Lembrar-se deles continuamente ajudá-lo-á de duas maneiras. O mais importante é que, lembrando-se desses momentos, será criada a possibilidade deles acontecerem novamente. Se alguém se lembra constantemente de coisas negativas, é muito provável que ela passe pelo mesmo tipo de experiências novamente. Se alguém constantemente se lembra de coisas tristes, é muito provável que ela fique triste novamente, porque ela desenvolverá uma inclinação para aquelas coisas, e esses incidentes continuarão se repetindo em sua vida. Todos estes sentimentos ficam armazenados dentro de você, e cada vez fica mais fácil dessas emoções se repetirem.
Tente observar em si mesmo qual tipo de emoções você tem a tendência de ficar se lembrando. Nós todos temos memórias. Que tipo de experiências você tende a se lembrar? E fique sabendo que quaisquer memórias que você tenha do passado, elas estão sendo plantadas como sementes para o futuro, e você irá colher a mesma experiência no futuro. As suas memórias do passado pavimentam o seu caminho para o futuro.

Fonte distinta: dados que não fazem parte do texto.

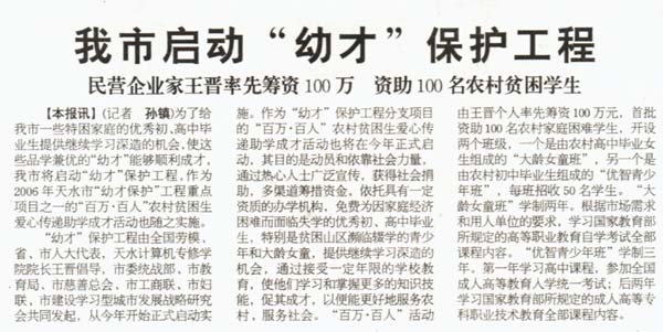“幼才”保護(hù)工程由全國(guó)勞模、省、市人大代表,天水計(jì)算機(jī)專修學(xué)院院長(zhǎng)王晉倡導(dǎo),市委統(tǒng)戰(zhàn)部、市教育局、市慈善總會(huì)、市工商聯(lián)、市婦聯(lián)、市建設(shè)學(xué)習(xí)型城市發(fā)展戰(zhàn)略研究會(huì)共同發(fā)起,從今年開(kāi)始正式啟動(dòng)實(shí)施。作為“幼才”保護(hù)工程分支項(xiàng)目的“百萬(wàn)·百人”農(nóng)村貧困生愛(ài)心傳遞助學(xué)成才活動(dòng)也將在今年正式啟動(dòng),其目的是動(dòng)員和依靠社會(huì)力量,通過(guò)熱心人士廣泛宣傳,獲得社會(huì)捐助,多渠道籌措資金,依托具有一定資質(zhì)的辦學(xué)機(jī)構(gòu),免費(fèi)為因家庭經(jīng)濟(jì)困難而面臨失學(xué)的優(yōu)秀初、高中畢業(yè)生,特別是貧困山區(qū)瀕臨輟學(xué)的青少年和大齡女童,提供繼續(xù)學(xué)習(xí)深造的機(jī)會(huì),通過(guò)接受一定年限的學(xué)校教育,使他們學(xué)習(xí)和掌握更多的知識(shí)技能,促其成才,以便能更好地服務(wù)農(nóng)村、服務(wù)社會(huì)!鞍偃f(wàn)·百人”活動(dòng)由王晉個(gè)人率先籌資100萬(wàn)元,首批資助100名農(nóng)村家庭困難學(xué)生,開(kāi)設(shè)兩個(gè)班級(jí),一個(gè)是由農(nóng)村高中畢業(yè)女生組成的“大齡女童班”,另一個(gè)是由農(nóng)村初中畢業(yè)生組成的“優(yōu)智青少年班”,每班招收50名學(xué)生!按簖g女童班”學(xué)制兩年。根據(jù)市場(chǎng)需求和用人單位的要求,學(xué)習(xí)國(guó)家教育部所規(guī)定的高等職業(yè)教育自學(xué)考試全部課程內(nèi)容。“優(yōu)智青少年班”學(xué)制三年。第一年學(xué)習(xí)高中課程,參加全國(guó)成人高等教育入學(xué)統(tǒng)一考試;后兩年學(xué)習(xí)國(guó)家教育部所規(guī)定的成人高等?坡殬I(yè)技術(shù)教育全部課程內(nèi)容。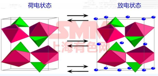 充電時(shí),鋰離子從FeO6層面間遷移出來(lái),經(jīng)過(guò)電解液進(jìn)入負(fù)極,發(fā)生Fe 2+→ Fe 3+的氧化反應(yīng),為保持電荷平衡,電子從外電路到達(dá)負(fù)極。放電時(shí)則發(fā)生還原反應(yīng),與上述過(guò)程相反。即: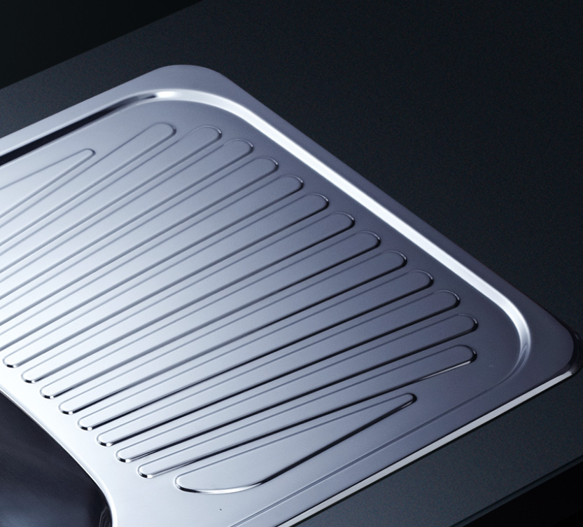 阿發(fā)水槽立邊采用國際先進的10-25°小R角一次成型拉伸技術(shù),更具立體感與時尚潮流,亦能充分擴展水槽利用空間;一次成型拉伸技術(shù),杜絕了焊接工藝易產(chǎn)生的水槽生銹,脫焊事故,充分保障水槽50年以上的使用壽命

Conscientemente, esqueça de tudo que é sem valor. E quando tais coisas vierem à sua lembrança, pare e peça àquelas memórias para irem embora. Elas não têm qualquer utilidade para você. Esqueça todos os espinhos e lembre-se das flores. Devem existir muitos espinhos, mas também existem flores ao redor. Se você lembrar-se das flores, os espinhos de sua vida desaparecerão, e a sua vida ficará preenchida pelas flores. Se você lembrar-se dos espinhos, é possível que as flores de sua vida desapareçam e você ficará apenas com os espinhos.
Depende do indivíduo, que altura ele pretende alcançar. Depende de nós, se queremos viver no céu ou no inferno. Céu e inferno não são lugares geográficos, eles são subjetivos, estados psicológicos. A maioria de vocês está no inferno muitas vezes num mesmo dia, e muitas vezes vocês estão no céu. Mas a maioria está no inferno a maior parte do tempo, e alguns até mesmo se esqueceram o caminho de volta para o céu.

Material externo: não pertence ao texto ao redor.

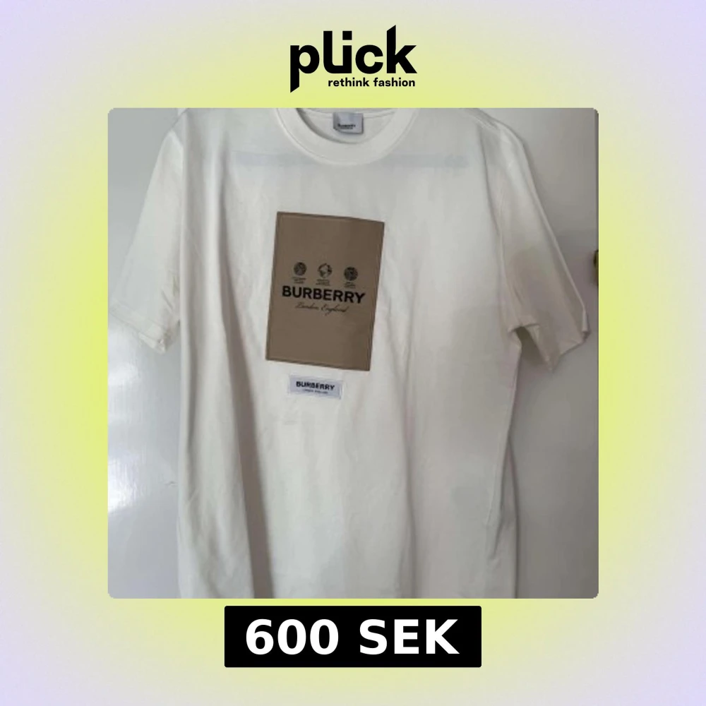 Säljer en stilren vit t-shirt från Burberry med ett stort beige tryck på framsidan. T-shirten är kortärmad och tillverkad i 100% bomull, vilket gör den bekväm och perfekt för vardagsbruk. Klassisk design med Burberrys logotyp och texten 'London, England'. Sommar Vibe
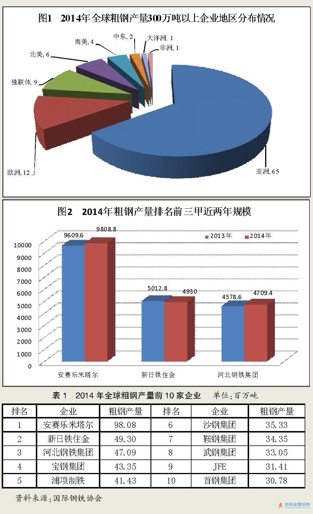 安賽樂米塔爾2014年粗鋼產量為9808.8萬噸,占入圍企業2014年合計粗鋼產量的8.15%,占世界粗鋼總量的5.89%;新日鐵住金2014年粗鋼產量為4930.0萬噸,占入圍企業2014年粗鋼產量的4.09%,占世界粗鋼總量的2.96%;河北鋼鐵集團2014年粗鋼產量為4709.4萬噸,占入圍企業2014年粗鋼產量的3.91%,占世界粗鋼總量的2.83%。

Mas existem pessoas que estão no céu vinte e quatro horas por dia. Pessoas neste mesmo planeta estão vivendo no céu. Você também pode ser uma delas. Nada existe para impedi-lo. Apenas compreenda alguns princípios básicos e científicos. (...)
... Se eu lhe desse alguns diamantes, como você cuidaria deles? Se você encontrasse um tesouro valioso, como cuidaria dele? Como você o guardaria com segurança? Onde você o guardaria? Você iria querer mantê-lo escondido; você iria querer mantê-lo perto do seu coração. (...)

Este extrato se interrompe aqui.